The Bill creates a framework for the:

  • mandatory and voluntary screening of direct and indirect investment to the Slovak Republic regardless of its form (share, asset or business deal, merger, joint venture, incorporation of Slovak seated vehicle, providing financing) and governing law;
  • screening of foreign investment, cooperation between Slovak authorities and EU member states in the process of foreign investment screening;
  • decision making on the screened foreign investment;
  • revision of a conditioned approval;
  • judicial review of certain delivered decisions; and
  • inspection, administrative offences, fines and penalties.

The Bill would cover foreign investment form third (non-EU) countries, and EU-seated vehicles operating under foreign control or with foreign funds. Foreign investments to non-profit organizations, foundations, universities, or sports clubs are not out of scope and can also be subject to screening.

The objective of screening is to assess whether a foreign investment has material adverse effect on the security or public order of the Slovak Republic or the European Union. In case that material adverse effect is established the Ministry can prohibit or conditionally approve the investment.

Any foreign investment to critical infrastructure will be subject to screening, including:

  • energy, security and critical infrastructure;
  • military equipment manufacturers;
  • undertakings operating in the biotechnology sector;
  • telecommunication operators and media; and
  • other undertakings listed in the Decree of the Slovak Government.

The Bill prohibits commencement of foreign investment into critical infrastructure prior to the screening and its approval. Violation of such prohibition could lead to a fine from the Ministry of Economy of up to the value of the entire investment.

The fines imposed by the Ministry go towards the State budget, however, the Bill does not address what happens to the consideration paid for a target to the seller (in case this had already been settled). Failure to get approval would not automatically mean that the investment would be cancelled. In some situations only a fine would be imposed.

The Ministry can also stop the proceeding of the foreign investment and order the investor to adopt certain measures regarding the investment, including aspects of the investment commenced prior to receiving approval, such as a forced sale of shares or assets if they were acquired before getting approval.
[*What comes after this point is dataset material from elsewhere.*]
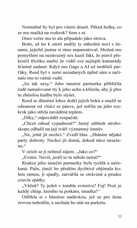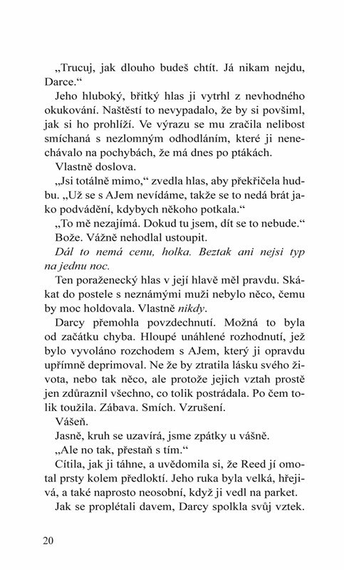 „Ještě nikdy se necítila se špatným mužem tak báječně… Bývalý zápasník Reed Miller celé měsíce tajně touží po dívce svého nejlepšího přítele, ale odmítá ohrozit přátelství kvůli ženě – především ne kvůli takové, která ho nemá zrovna dvakrát v lásce. Teď když je Darcy znovu volná, je o to víc třeba držet se od ní dál. Jenže mezi nimi panuje silná přitažlivost, kterou je obtížné ignorovat, a jakmile dostal jednou šanci ochutnat… kdo ví, co bude dál. Darcy Grantovou už nebaví chovat se slušně a počestně. Hledá vášeň a není pochyb, že Reed je muž, který jí přesně tohle poskytne. Ačkoliv nemá zájem s takovým typem muže chodit, a už vůbec ne, když je to nejlepší kamarád jejího ex, nemůže si pomoct, aby nepodlehla Reedovým zkušeným dotykům. Teď jde jenom o to stanovit základní pravidla – a doufat, že se jich ten drsňák, co pravidla rád porušuje, bude držet. Pokud ovšem pustí Reeda do svojí postele, má vůbec šanci nepustit si ho i do srdce?“

The Ministry has to deliver a decision on any investment within 130 days after starting the screening procedure. If no decision is delivered within this period, it will be presumed that the investment does not have a material adverse effect on the security or public order of the Slovak Republic or the European Union and it can go ahead.

The Bill provides third parties, non-related to a foreign investor or target entity or to state authorities, the opportunity to file a qualified complaint describing the material adverse effect of the foreign investment or point to specific information related to foreign investment or target company. On the basis of a qualified complaint, the Ministry can commence a screening, inspection or revision of conditioned approval of the foreign investment.

Particularly, the possibility of filing qualified complaints can potentially cause hurdles in the process of making a foreign investment and can be (mis)used by competitors. The Bill does not provide a possibility to claim any cost incurred due to the initiation of a screening from either the Ministry or the complainant. 

The Bill on the Act on Screening of Foreign Investment is now in a process of informal interdepartmental comments enabling the general public and authorities to provide comments on the Bill before it will be discussed in parliament.